Community solar offers the opportunity to site arrays where they will benefit the grid (or, at least, avoid too many costly upgrades). A more managed approach also creates the potential for optimizing smart inverter functionality, co-located storage, and perhaps even electric vehicle charging to support the grid locally as electricity demands due to increasing electrification surpass what existing infrastructure can handle. Compensation structures like value of solar tariffs can incentivize such benefits. The upshot is that if participants' bill credits reflect the locational value of a well-sited system, and if community solar arrays cost less due to economies of scale, then the total financial proposition can be large enough to provide participating customers with meaningful revenue. Solar plus storage systems may be particularly attractive under this model. Specific policy choices could further encourage participation from disadvantaged communities or others who haven't been able to benefit from NEM.
On the resiliency front, community solar creates an opportunity for co-siting community-scale storage. This can help keep the power on during a grid outage — but now at a community-accessible site, rather than an individual home. Residents of communities affected by wildfire-related public safety power shutoff events and other service disruptions would be able to charge electronics and receive critical services.
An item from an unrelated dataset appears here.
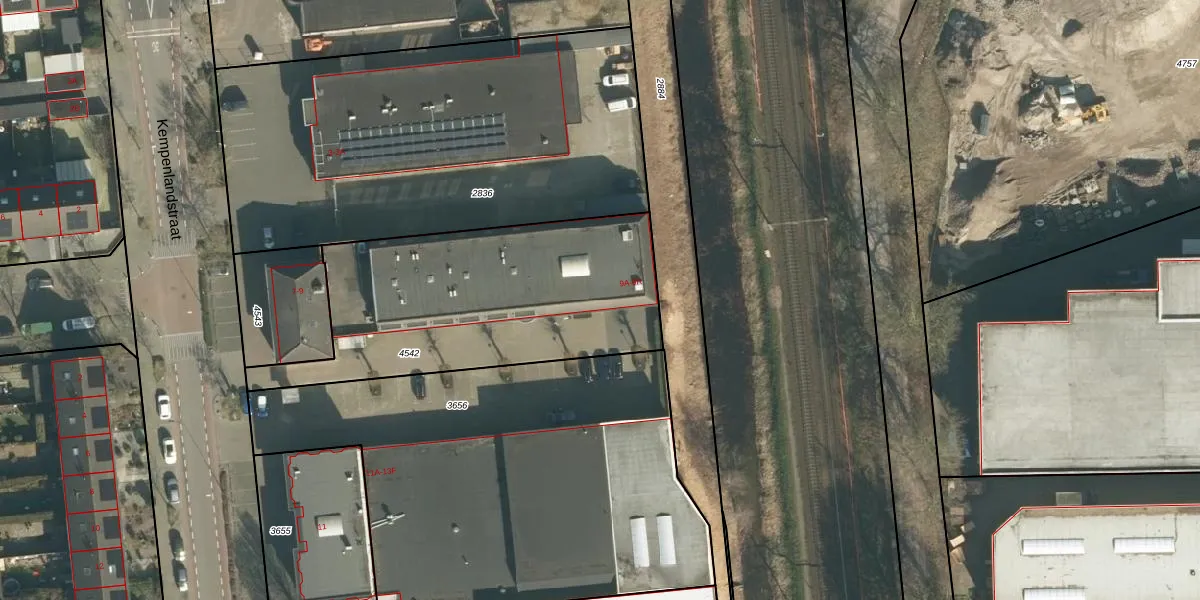 Het perceel waarop Kempenlandstraat 9-D staat heeft een oppervlakte van 1318 m². Dit is een zeer groot perceel. De perceeloppervlakte wordt geregistreerd door het Kadaster. Gedetailleerde informatie over de maten van dit perceel kunt u vinden in het rapport Kadastrale kaart met maatvoering van Kempenlandstraat 9-D.
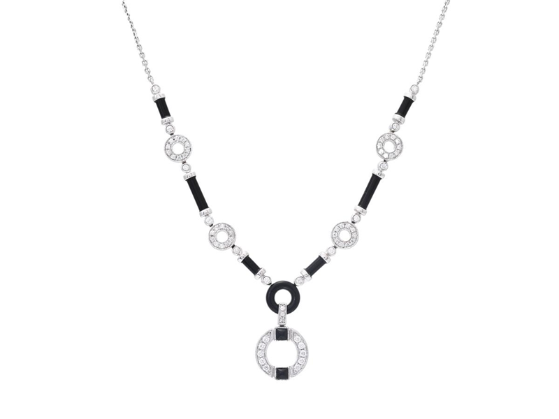 NECKLACE, 18K white gold, black agate, 65 brilliant cut diamonds 0,35 ctw, approx. TW-TCr/VS-SI, adjustable length, maximum 45 cm, weight 8,2 g.

Community-scale solar and storage could also form an anchor for a community-level microgrid that could isolate from the larger grid in such situations, but doesn't require waiting for these plans to materialize before creating a basic community resilience resource. If recognized and developed as another value stream, resiliency benefits could also reduce grid fees in key locations.
Current behind-the-meter deployment models in California are not set up to realize the above benefits for society. Adjusting their compensation mechanisms may acknowledge this, but that approach misses the opportunity to actually enable distributed solar to provide these societal benefits.
The CPUC's Distributed Energy Resources Action Plan sets a goal of maximizing the ratepayer and societal value of a high-DER future. The first goal of CPUC's recent Environmental and Social Justice Action Plan is to "Consistently integrate equity and access considerations throughout CPUC proceedings and other efforts." We must continue to think critically about the societal value that distributed solar can bring, and recognize the opportunities we miss by imposing unnecessary limitations. Community solar can make moot the controversies surrounding behind-the-meter solar and enable new approaches that can maximize societal value for all Californians.